[Opening SUPPLIED DATA section]

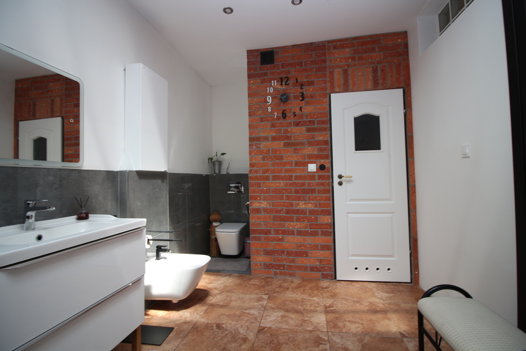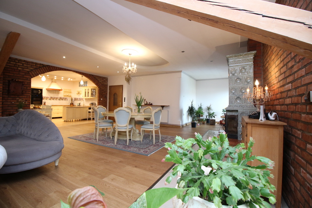 Wnętrza łączą surowy urok cegły i drewnianych belek z funkcjonalnością i elegancją – tworząc spójną, przytulną całość.
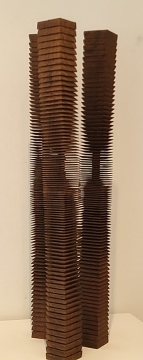 Whereas kinetic art depends on its movement for effect, Bray’s finely crafted sculptures and prints are static. However, as the viewer moves around his artworks, viewing them from different perspectives, what can be seen changes. Bray’s works seem to acquire internal movement that can only be perceived when the viewer moves past or around them. These effects, which add great beauty to his works, cannot be captured using still photography. Three of the sculptures were on display in the churchyard of St Clements opposite the gallery
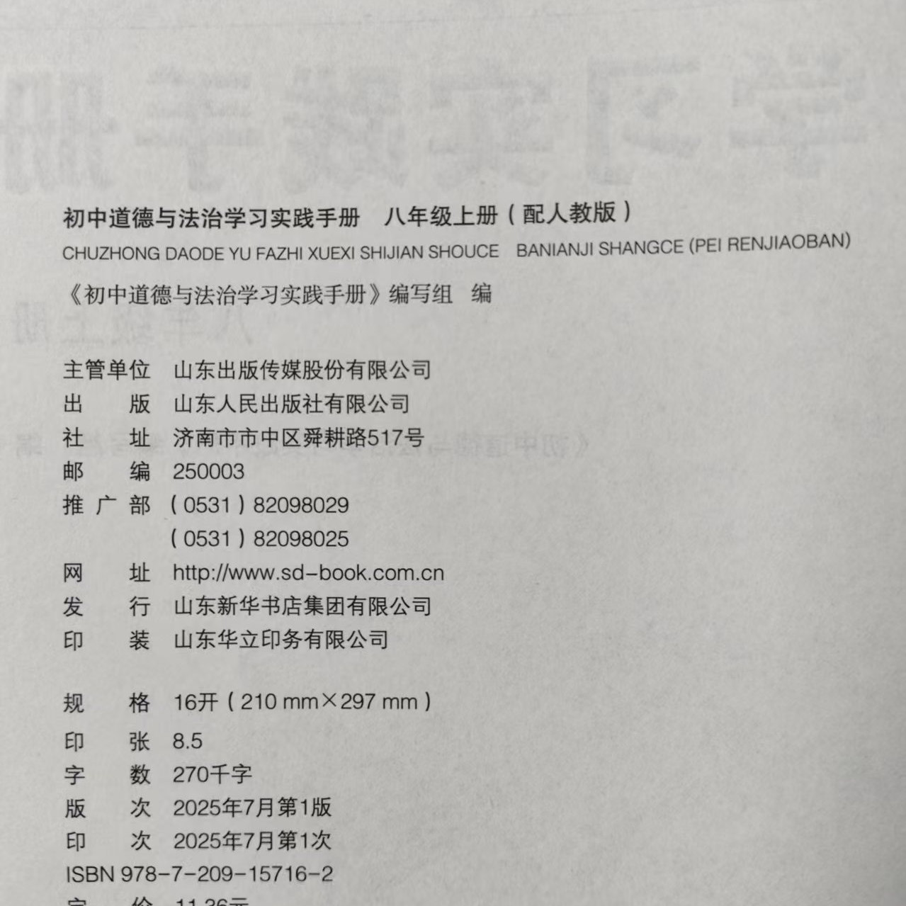 社初二8八年级道德与法治学习手册同步练习册上册配人教版 2025秋新版 六三制初中道德与法治学习实践手册八年级上册山东人民出版
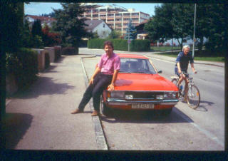 Hier noch ein Bild vom Oldtimertreffen in Mühldorf am Inn 2005: Die Überraschung ist groß, ein Granada in dem selben "Spanisch Rot" wie mein erster damals. Nichts wie hinterher, gleich daneben geparkt und erstmal die wunderbare Farbpalette der 70er Jahre genießen. |

[Closing SUPPLIED DATA section]

ABOUT THIS TASK
Repeat the full listing above exactly, with no pictures in the copy.

TASK OUTPUT
 Wnętrza łączą surowy urok cegły i drewnianych belek z funkcjonalnością i elegancją – tworząc spójną, przytulną całość.
 Whereas kinetic art depends on its movement for effect, Bray’s finely crafted sculptures and prints are static. However, as the viewer moves around his artworks, viewing them from different perspectives, what can be seen changes. Bray’s works seem to acquire internal movement that can only be perceived when the viewer moves past or around them. These effects, which add great beauty to his works, cannot be captured using still photography. Three of the sculptures were on display in the churchyard of St Clements opposite the gallery
 社初二8八年级道德与法治学习手册同步练习册上册配人教版 2025秋新版 六三制初中道德与法治学习实践手册八年级上册山东人民出版
 Hier noch ein Bild vom Oldtimertreffen in Mühldorf am Inn 2005: Die Überraschung ist groß, ein Granada in dem selben "Spanisch Rot" wie mein erster damals. Nichts wie hinterher, gleich daneben geparkt und erstmal die wunderbare Farbpalette der 70er Jahre genießen. |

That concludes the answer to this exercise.